• _Dataset records_:
%%
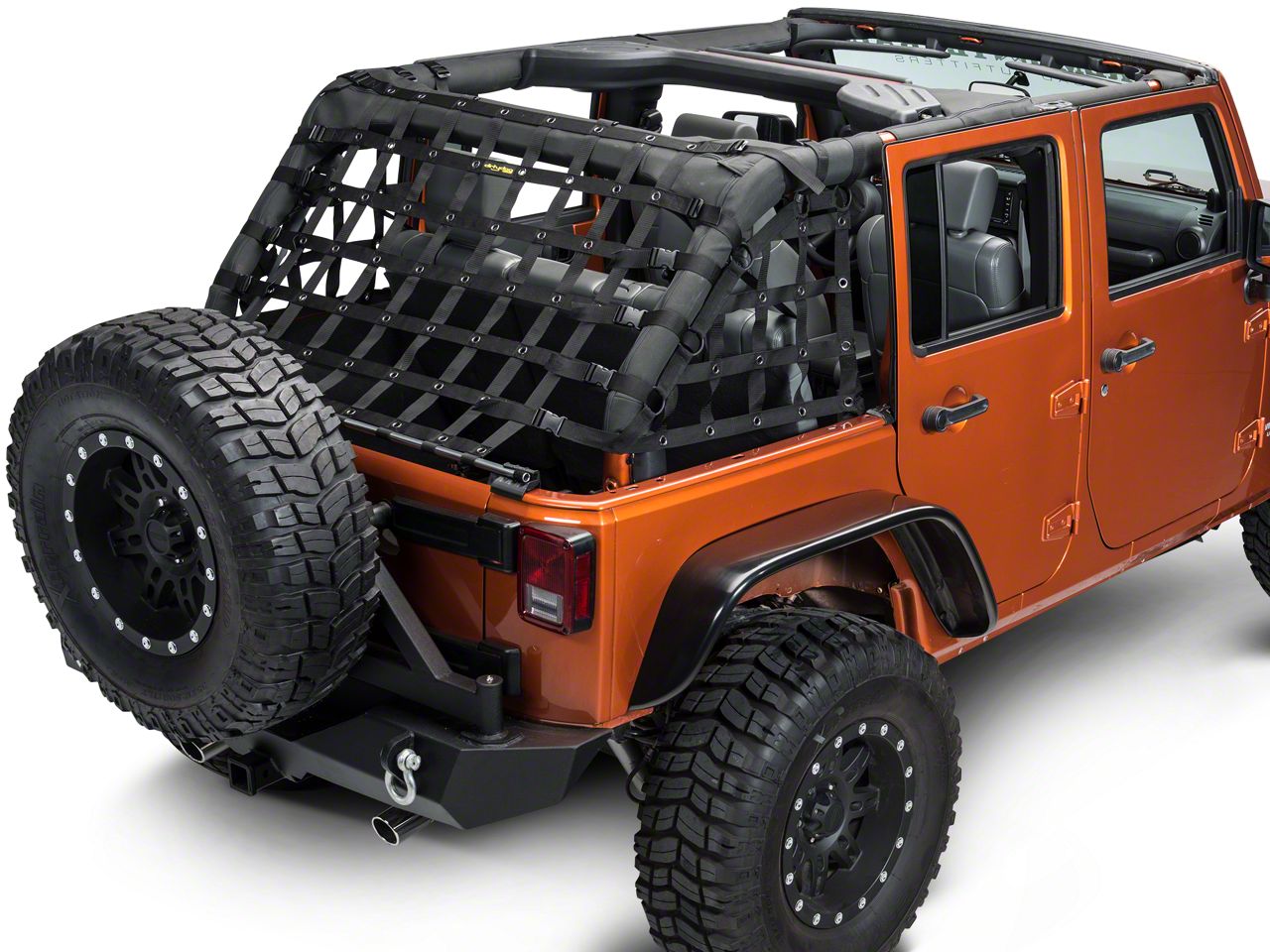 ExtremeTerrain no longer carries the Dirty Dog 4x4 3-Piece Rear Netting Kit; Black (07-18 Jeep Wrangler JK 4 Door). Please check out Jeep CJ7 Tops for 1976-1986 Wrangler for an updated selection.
%%
%%
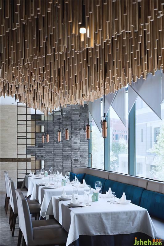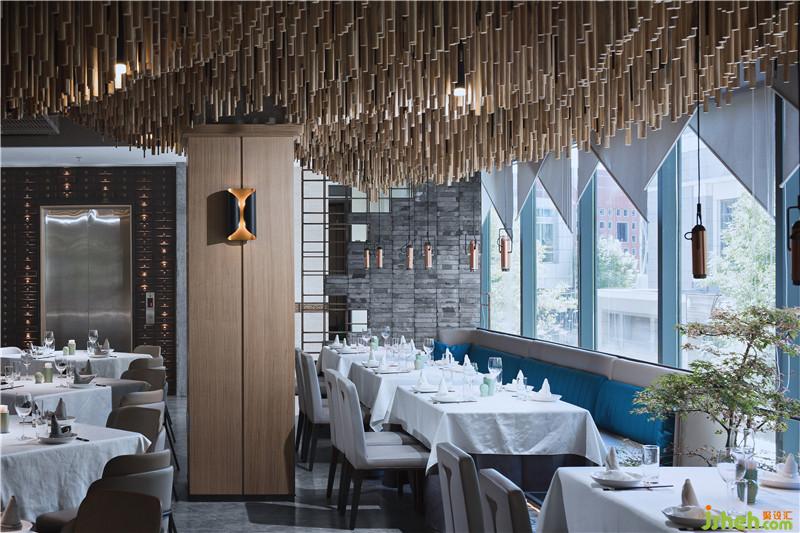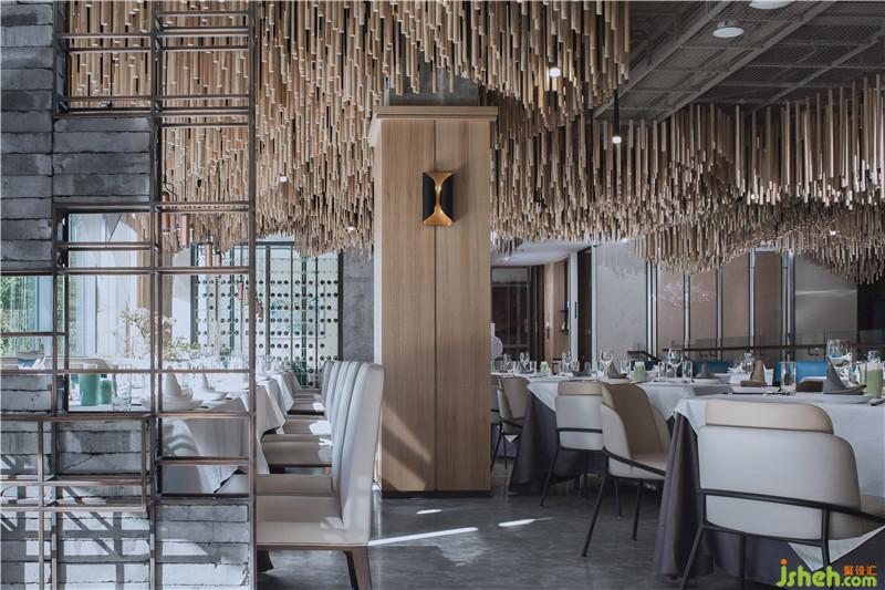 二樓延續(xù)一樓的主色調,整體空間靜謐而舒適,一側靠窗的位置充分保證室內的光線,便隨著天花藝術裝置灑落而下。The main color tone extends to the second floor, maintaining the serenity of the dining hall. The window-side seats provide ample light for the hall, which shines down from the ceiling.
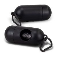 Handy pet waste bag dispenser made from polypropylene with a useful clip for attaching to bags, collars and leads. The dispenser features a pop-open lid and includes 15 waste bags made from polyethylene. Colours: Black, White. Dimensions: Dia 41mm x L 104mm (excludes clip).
%%
%%
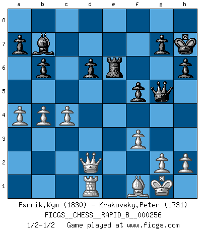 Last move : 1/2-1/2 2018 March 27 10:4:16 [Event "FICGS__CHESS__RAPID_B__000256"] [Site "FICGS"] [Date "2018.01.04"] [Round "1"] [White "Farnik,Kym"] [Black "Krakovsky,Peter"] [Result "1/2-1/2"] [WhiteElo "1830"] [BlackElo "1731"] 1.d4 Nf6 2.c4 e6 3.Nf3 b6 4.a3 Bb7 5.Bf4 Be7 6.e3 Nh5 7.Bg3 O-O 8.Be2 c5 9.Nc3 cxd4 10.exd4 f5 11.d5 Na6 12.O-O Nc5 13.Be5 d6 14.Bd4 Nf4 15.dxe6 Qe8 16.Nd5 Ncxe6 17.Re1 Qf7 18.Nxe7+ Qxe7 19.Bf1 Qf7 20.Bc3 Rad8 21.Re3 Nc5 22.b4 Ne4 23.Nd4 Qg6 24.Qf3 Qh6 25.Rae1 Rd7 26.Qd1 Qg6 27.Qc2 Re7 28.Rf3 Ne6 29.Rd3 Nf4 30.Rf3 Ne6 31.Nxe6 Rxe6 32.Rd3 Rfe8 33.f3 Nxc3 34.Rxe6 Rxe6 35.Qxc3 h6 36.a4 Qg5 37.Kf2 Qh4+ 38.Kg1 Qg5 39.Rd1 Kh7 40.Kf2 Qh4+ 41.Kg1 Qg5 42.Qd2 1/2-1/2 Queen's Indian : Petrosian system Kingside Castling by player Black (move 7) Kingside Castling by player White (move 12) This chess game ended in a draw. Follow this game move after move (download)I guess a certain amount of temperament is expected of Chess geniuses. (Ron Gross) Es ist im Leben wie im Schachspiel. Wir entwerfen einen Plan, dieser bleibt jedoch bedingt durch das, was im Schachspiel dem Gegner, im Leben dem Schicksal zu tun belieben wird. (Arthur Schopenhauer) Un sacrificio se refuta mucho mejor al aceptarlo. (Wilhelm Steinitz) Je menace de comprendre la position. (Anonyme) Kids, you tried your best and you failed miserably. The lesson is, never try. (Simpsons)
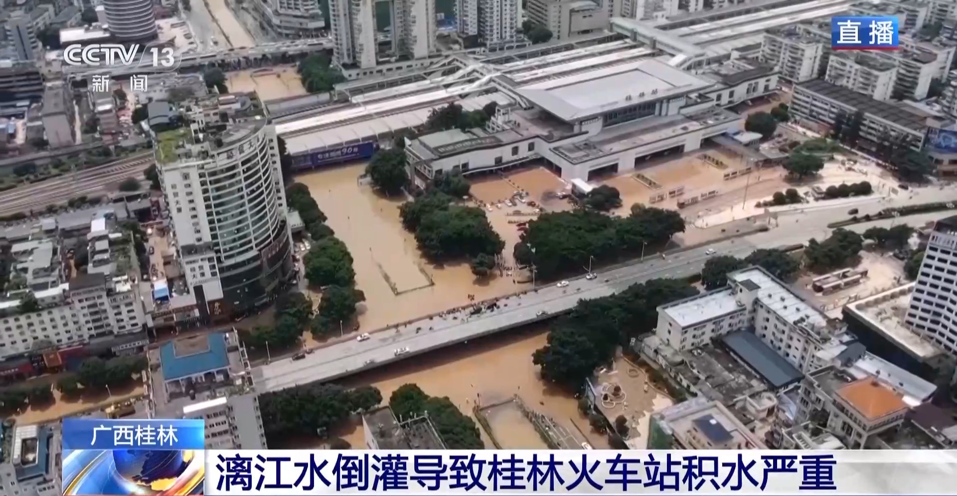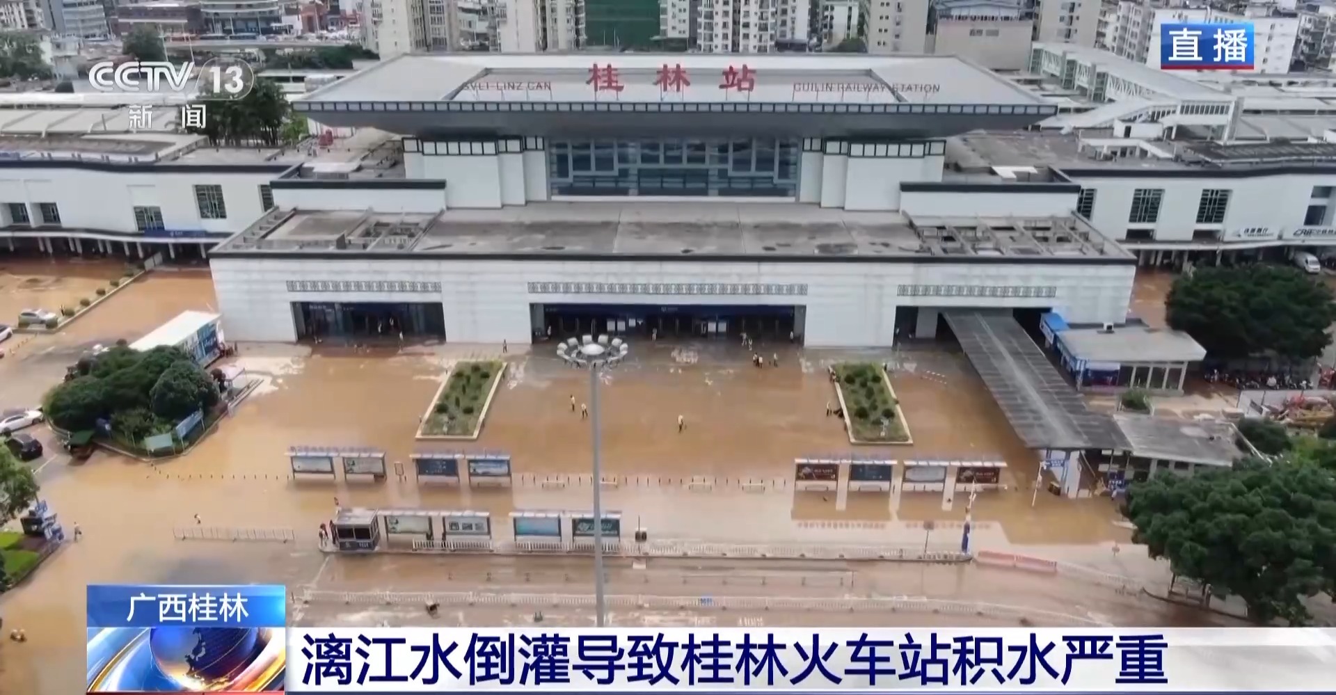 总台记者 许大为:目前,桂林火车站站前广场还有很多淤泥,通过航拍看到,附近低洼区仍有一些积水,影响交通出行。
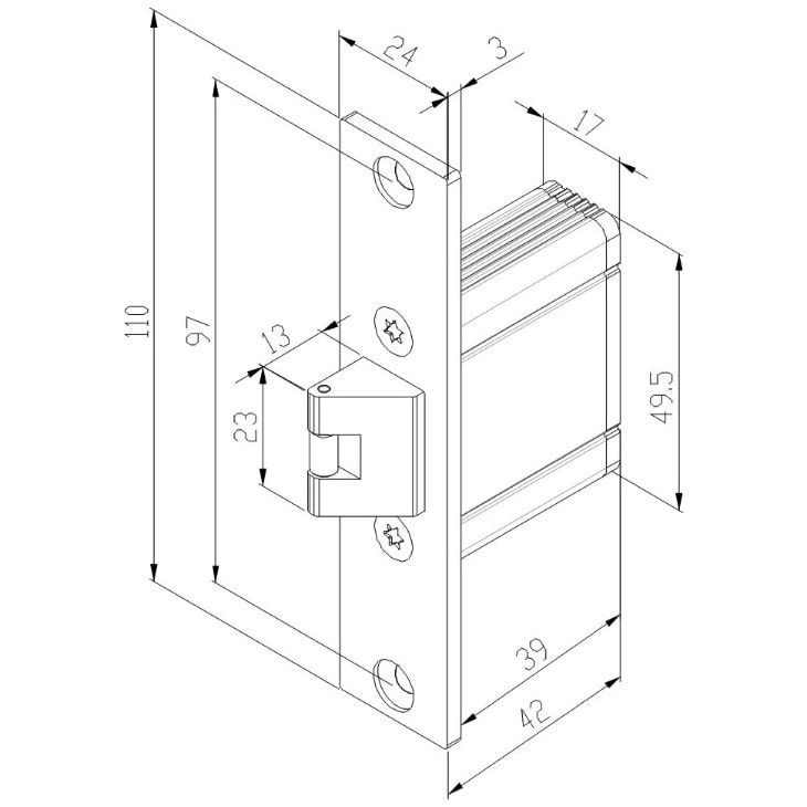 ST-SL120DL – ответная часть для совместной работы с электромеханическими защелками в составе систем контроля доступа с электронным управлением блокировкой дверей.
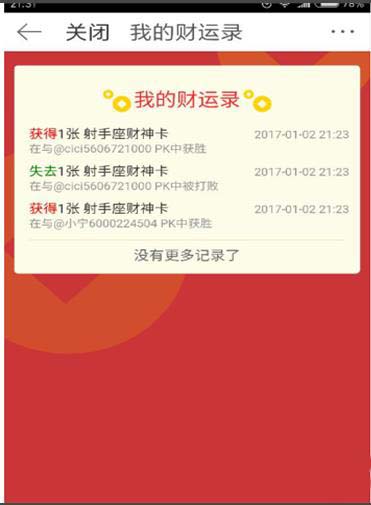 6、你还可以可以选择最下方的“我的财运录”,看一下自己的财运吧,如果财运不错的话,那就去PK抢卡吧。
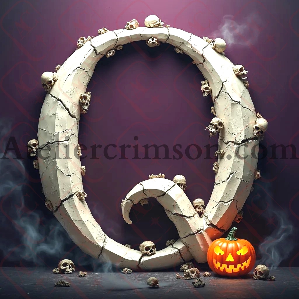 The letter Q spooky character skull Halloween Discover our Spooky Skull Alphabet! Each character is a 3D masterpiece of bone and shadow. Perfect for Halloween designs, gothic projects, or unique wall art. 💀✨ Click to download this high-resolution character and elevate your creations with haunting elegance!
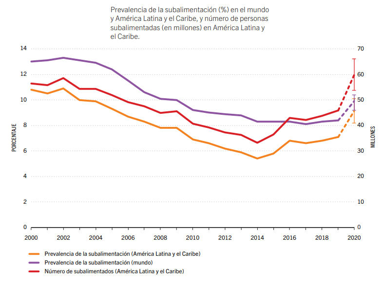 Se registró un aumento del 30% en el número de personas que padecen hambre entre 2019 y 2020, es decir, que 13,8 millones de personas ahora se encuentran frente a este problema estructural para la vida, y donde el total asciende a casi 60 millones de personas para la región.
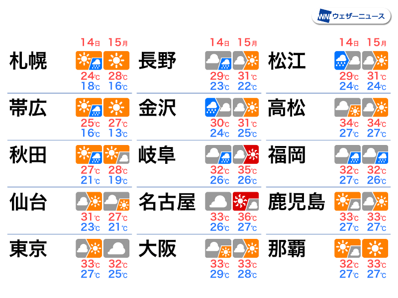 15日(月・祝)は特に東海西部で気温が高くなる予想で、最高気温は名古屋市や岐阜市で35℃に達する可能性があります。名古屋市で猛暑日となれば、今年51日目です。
%%
Above are the records; restate exactly the lines from the one containing "from the ceiling." through the one containing "Handy pet waste", keeping pictures out.

• _Answer box_:
 二樓延續(xù)一樓的主色調,整體空間靜謐而舒適,一側靠窗的位置充分保證室內的光線,便隨著天花藝術裝置灑落而下。The main color tone extends to the second floor, maintaining the serenity of the dining hall. The window-side seats provide ample light for the hall, which shines down from the ceiling.
 Handy pet waste bag dispenser made from polypropylene with a useful clip for attaching to bags, collars and leads. The dispenser features a pop-open lid and includes 15 waste bags made from polyethylene. Colours: Black, White. Dimensions: Dia 41mm x L 104mm (excludes clip).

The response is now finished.